There are a few team-controlled, cost-effective prizes to be had here (Matthew Boyd, Marcus Stroman, Whit Merrifield), some moderately appealing bats (Miguel Rojas, Domingo Santana, James McCann, Leury García, Eric Sogard, Trey Mancini, Nicholas Castellanos, Todd Frazier), a few veterans (Mitch Haniger, Alex Gordon, José Abreu) who for various reasons haven’t seemed likely to move, potential rental Zack Wheeler, and, as always, relievers (Shane Greene, Alex Colomé, Mychal Givens, Ian Kennedy). That’s not nothing, but it won’t go a long way toward replenishing the contenders’ rosters considering how many clubs could conceivably be biting.
There’s still some time before the deadline, and the playoff field may be a little less fuzzy come July 31. A few teams that the playoff odds paint as long shots—the Rangers, the Pirates, the Reds, the Padres—are currently still close enough to contention that they’d anger supporters if they started selling, but a couple of rocky weeks could change that. It’s there, though, that the unified deadline makes its influence felt; at least some of those teams will likely be clearly out of the race by August 31, but they’ll be hard-pressed to pick a lane this month.
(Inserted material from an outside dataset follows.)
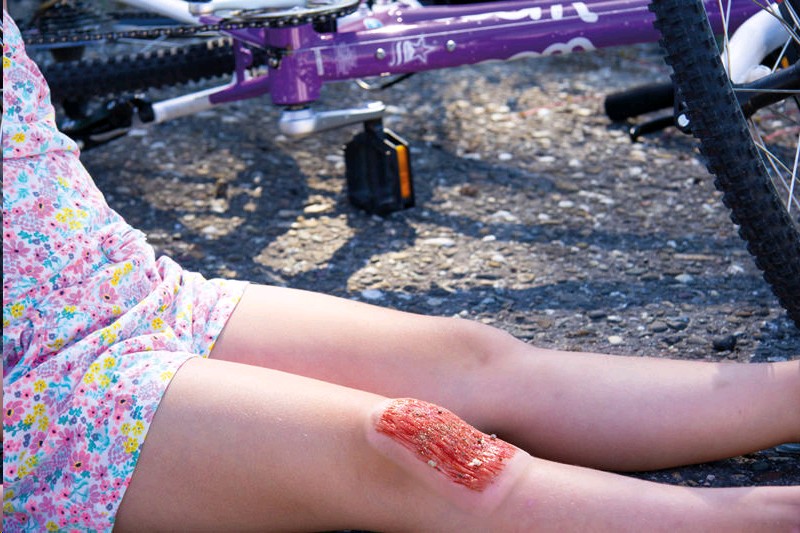 Imitace poranění odřeniny při použití umělé krve lze přidat do rány nějaké nečistoty nebo malé kamínky pro ukázku čištění. Imitace přilne k pokožce nebo figuríně. Pro delší používání lze dokoupit speciální lepidlo.Dodává se v úložném pouzdře.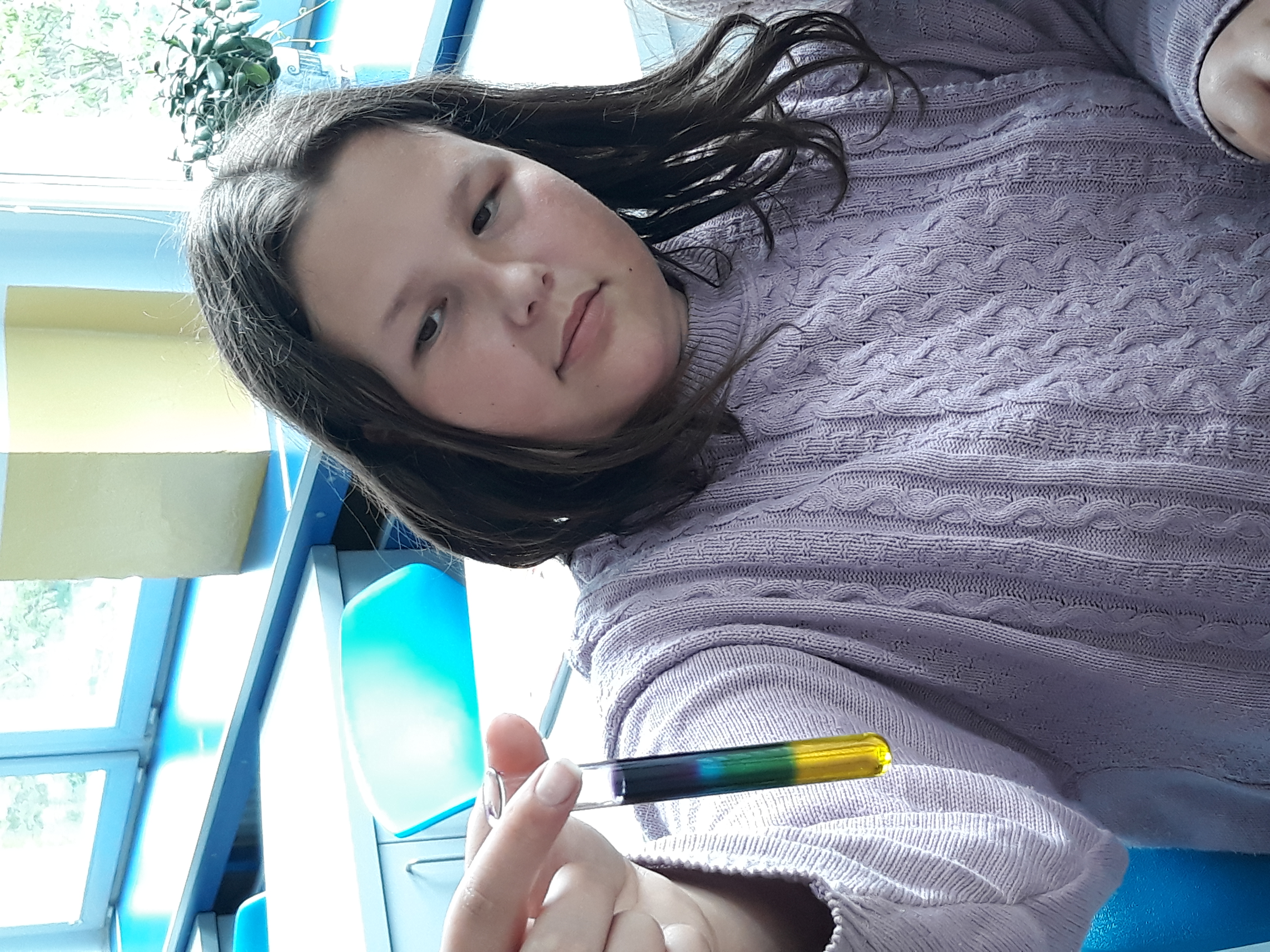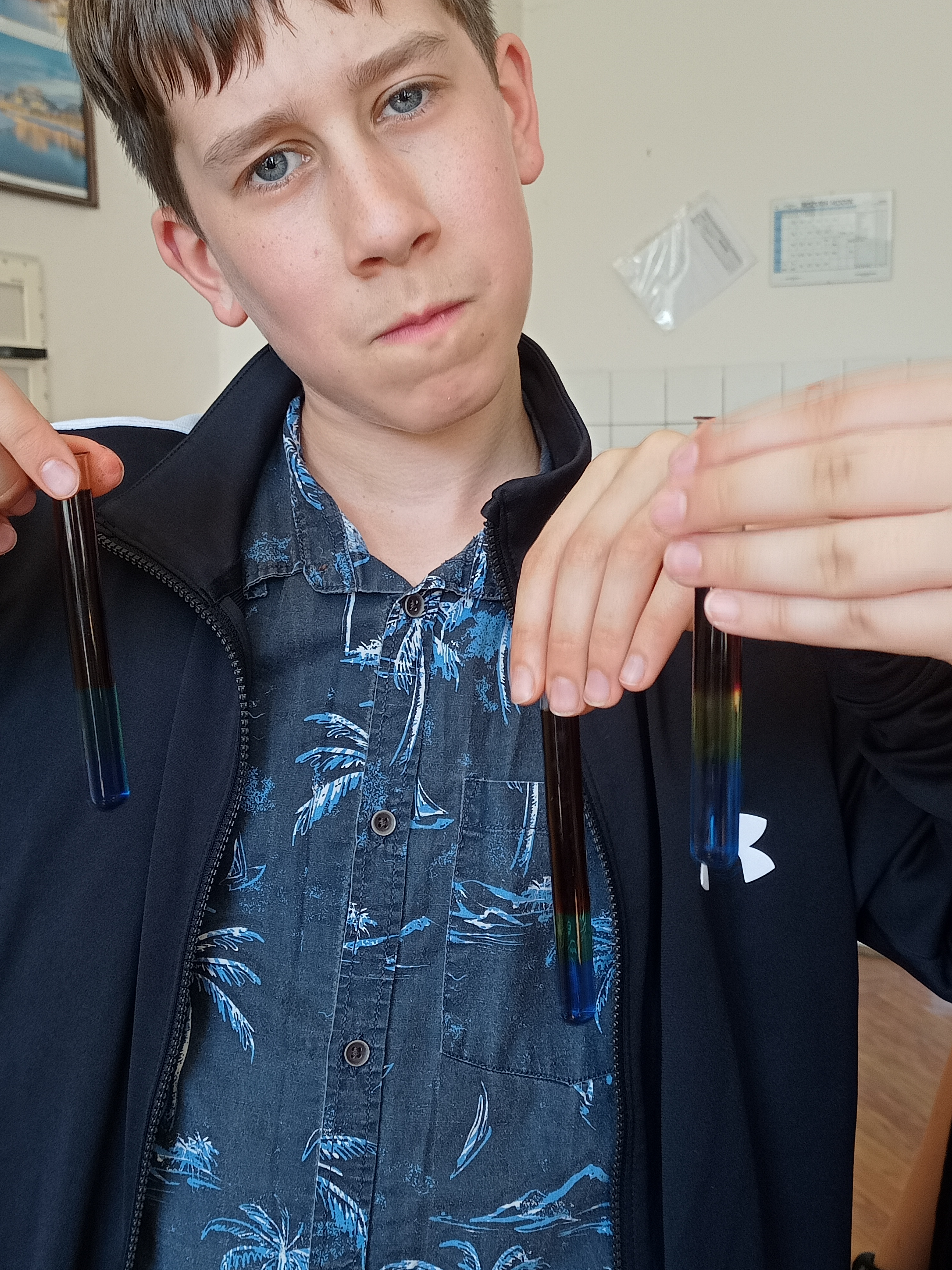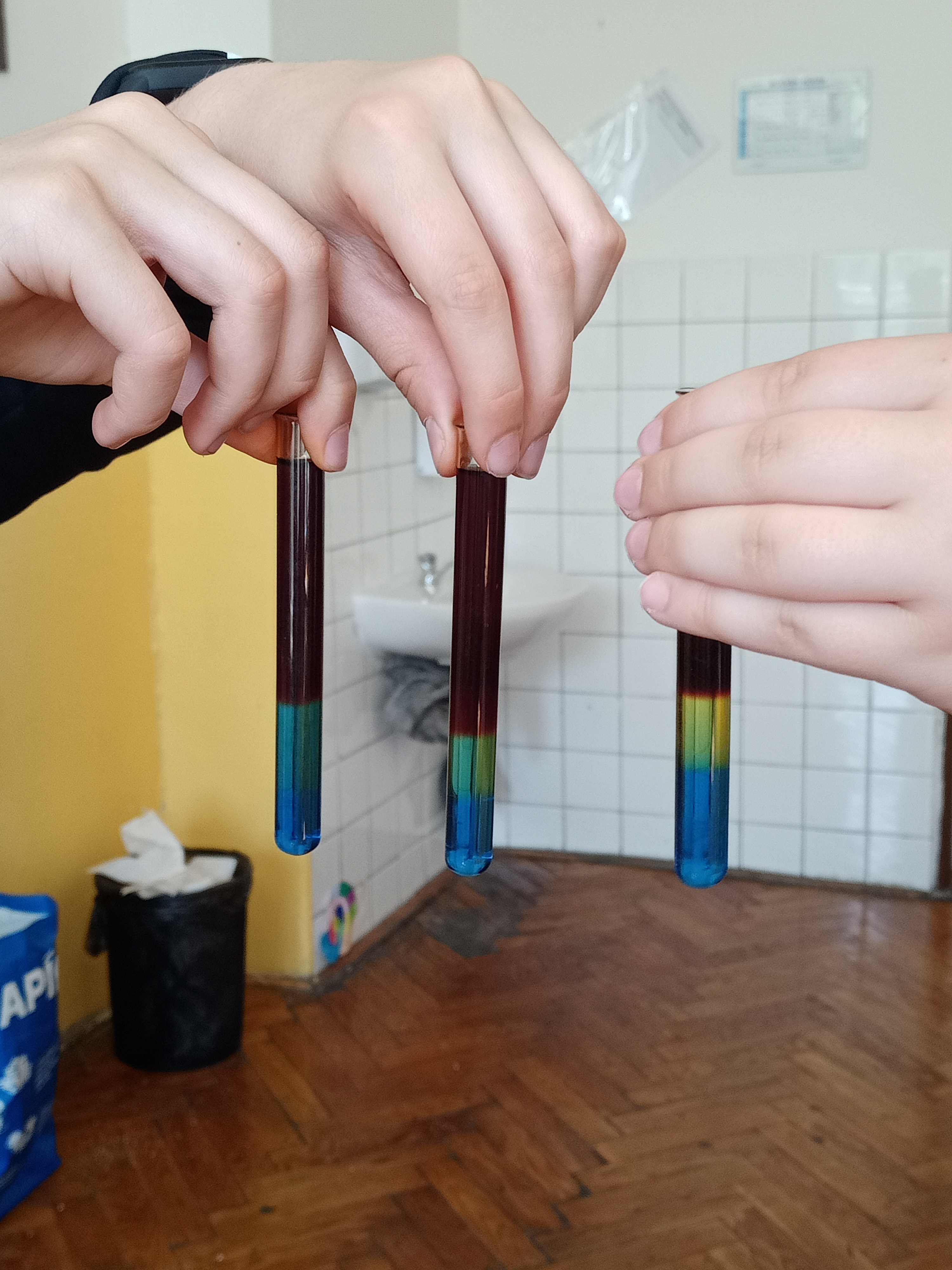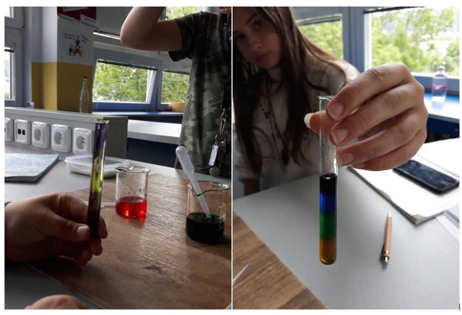 Pak si každý vyzkoušel do zkumavky namíchat svůj vlastní "koktejl". Tedy opatrně nalít jednotlivé barevné vrstvy odspodu od té s největší hustotou až po tu s nejmenší.

In this uncertain environment, one team stands for being both virtually out of it and closer to embarking on a rebuild than completing one: the Giants, whose modest 5.5-game deficit in the race for the NL’s second wild-card belies a negative-70 run differential and one of baseball’s worst BaseRuns records. In Farhan Zaidi, the Giants have a new top executive who’ll be motivated to make moves and unattached to the remnants of a roster he didn’t assemble. They also have a mid-to-top-of-the-rotation starter in Madison Bumgarner; a passel of relievers in Will Smith, Sam Dyson, Tony Watson, and Mark Melancon; a corner bat who’d be better away from Oracle Park in Brandon Belt; and a few other complementary pieces that might suit some other squad. As I said on The Ringer MLB Show, this once-proud roster has turned into a whale carcass slowly sinking to the bottom. It’s about to be torn apart by a feeding frenzy that will nourish the rest of the league. Snort the trade rumors and relish the circle of life, unless you’re a San Francisco fan.
Because this season’s standings are somewhat out of whack, we may not be able to tell just how much the unified deadline juices July until we’ve watched it play out for a few years. Maybe it’s better this way: In sports, it’s usually more fun not to know what we’re about to see, and this year’s market is too murky to call. The trade deadline is always a source of excitement and mystery. Fortunately for fans, that’s probably truer with one deadline than it ever was with two.
Thanks to Gerald Schifman of Baseball Prospectus and Dan Hirsch of Baseball-Reference for research assistance.